__WHAT THIS TASK INVOLVES__.
Range to output from the entries below: the line containing "scatters itself across the water." through the line containing "Step 2: I gave". Set it down exactly, ends included, nothing else.
[[ PROVIDED INFORMATION, beginning ]]
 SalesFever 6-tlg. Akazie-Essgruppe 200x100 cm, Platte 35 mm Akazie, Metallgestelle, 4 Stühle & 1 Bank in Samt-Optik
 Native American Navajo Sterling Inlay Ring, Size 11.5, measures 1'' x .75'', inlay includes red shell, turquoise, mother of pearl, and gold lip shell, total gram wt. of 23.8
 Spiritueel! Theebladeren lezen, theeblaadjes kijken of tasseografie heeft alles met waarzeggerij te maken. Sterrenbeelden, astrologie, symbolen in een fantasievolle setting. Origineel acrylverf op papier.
[[ PROVIDED INFORMATION, end ]]
[[ PROVIDED INFORMATION, beginning ]]
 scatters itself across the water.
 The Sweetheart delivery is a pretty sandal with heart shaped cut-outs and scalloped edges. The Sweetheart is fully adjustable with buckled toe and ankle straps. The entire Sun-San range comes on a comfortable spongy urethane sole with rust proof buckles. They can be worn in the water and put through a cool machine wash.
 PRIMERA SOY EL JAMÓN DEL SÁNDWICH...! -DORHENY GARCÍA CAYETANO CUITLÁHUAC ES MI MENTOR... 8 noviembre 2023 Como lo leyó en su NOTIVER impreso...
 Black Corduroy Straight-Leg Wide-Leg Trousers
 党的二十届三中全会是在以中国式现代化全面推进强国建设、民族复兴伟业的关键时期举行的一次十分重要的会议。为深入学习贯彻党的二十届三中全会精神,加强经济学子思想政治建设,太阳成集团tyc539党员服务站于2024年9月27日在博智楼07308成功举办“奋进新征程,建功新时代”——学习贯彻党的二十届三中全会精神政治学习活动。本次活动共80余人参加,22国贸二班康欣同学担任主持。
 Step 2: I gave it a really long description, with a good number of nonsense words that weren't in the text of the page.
[[ PROVIDED INFORMATION, end ]]
[[ PROVIDED INFORMATION, beginning ]]
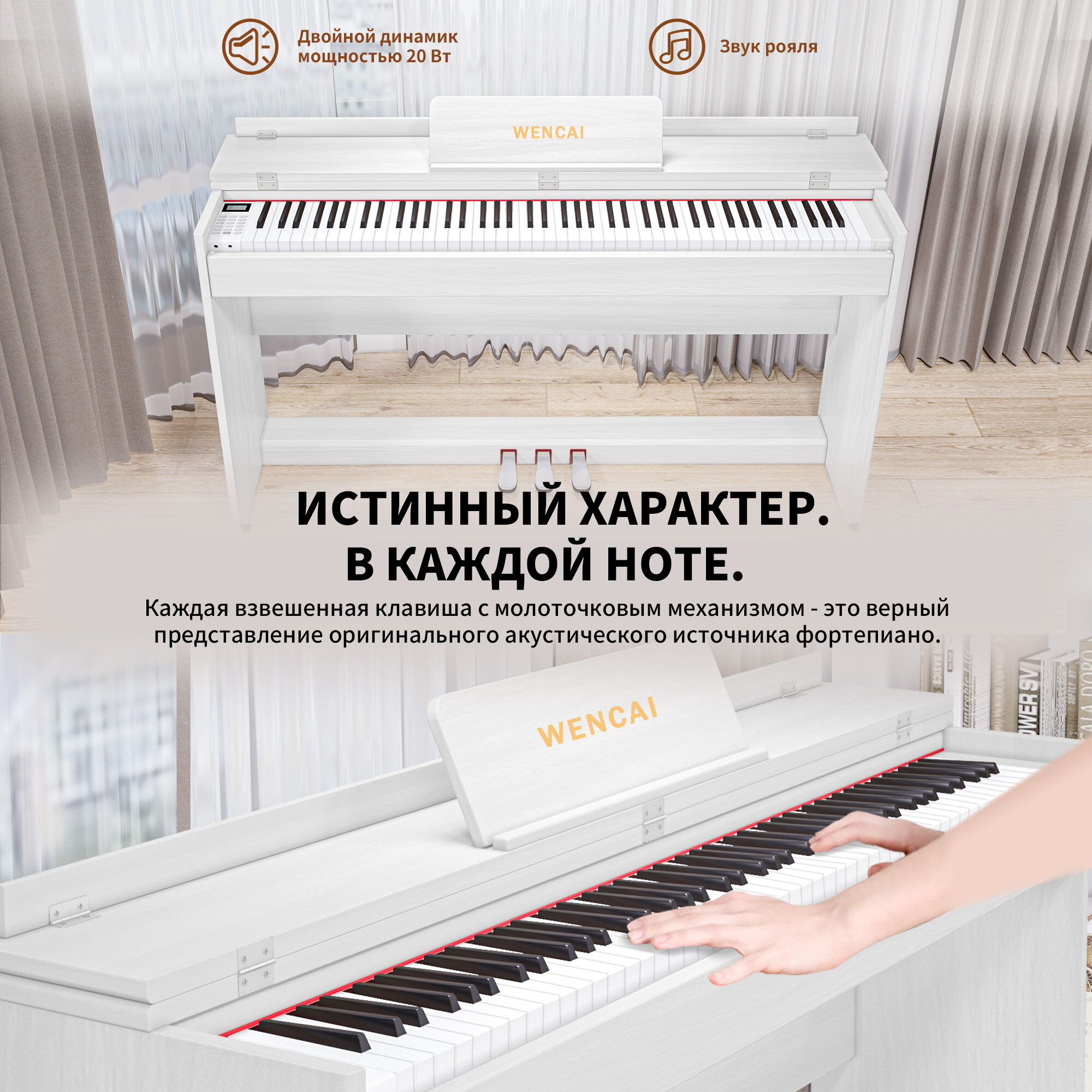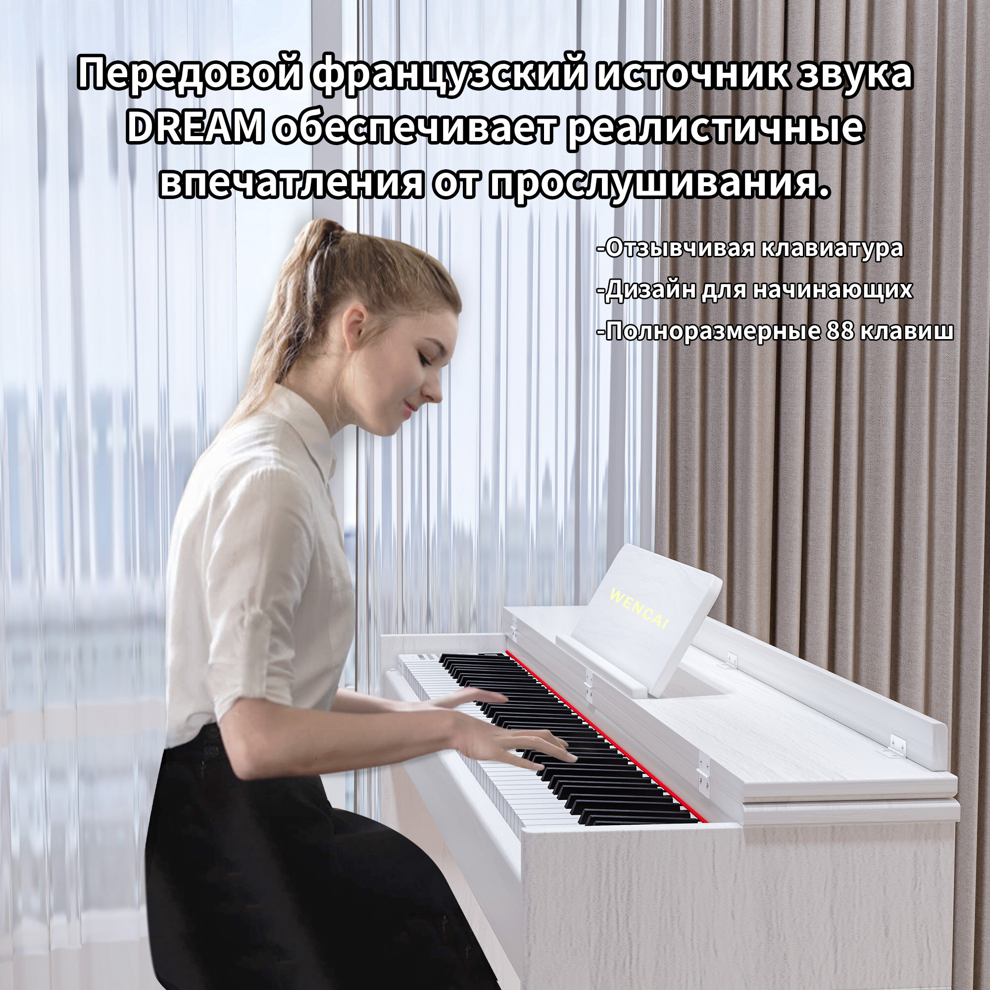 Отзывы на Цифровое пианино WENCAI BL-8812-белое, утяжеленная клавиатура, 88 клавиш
[[ PROVIDED INFORMATION, end ]]
__TASK ANSWER__.
 scatters itself across the water.
 The Sweetheart delivery is a pretty sandal with heart shaped cut-outs and scalloped edges. The Sweetheart is fully adjustable with buckled toe and ankle straps. The entire Sun-San range comes on a comfortable spongy urethane sole with rust proof buckles. They can be worn in the water and put through a cool machine wash.
 PRIMERA SOY EL JAMÓN DEL SÁNDWICH...! -DORHENY GARCÍA CAYETANO CUITLÁHUAC ES MI MENTOR... 8 noviembre 2023 Como lo leyó en su NOTIVER impreso...
 Black Corduroy Straight-Leg Wide-Leg Trousers
 党的二十届三中全会是在以中国式现代化全面推进强国建设、民族复兴伟业的关键时期举行的一次十分重要的会议。为深入学习贯彻党的二十届三中全会精神,加强经济学子思想政治建设,太阳成集团tyc539党员服务站于2024年9月27日在博智楼07308成功举办“奋进新征程,建功新时代”——学习贯彻党的二十届三中全会精神政治学习活动。本次活动共80余人参加,22国贸二班康欣同学担任主持。
 Step 2: I gave it a really long description, with a good number of nonsense words that weren't in the text of the page.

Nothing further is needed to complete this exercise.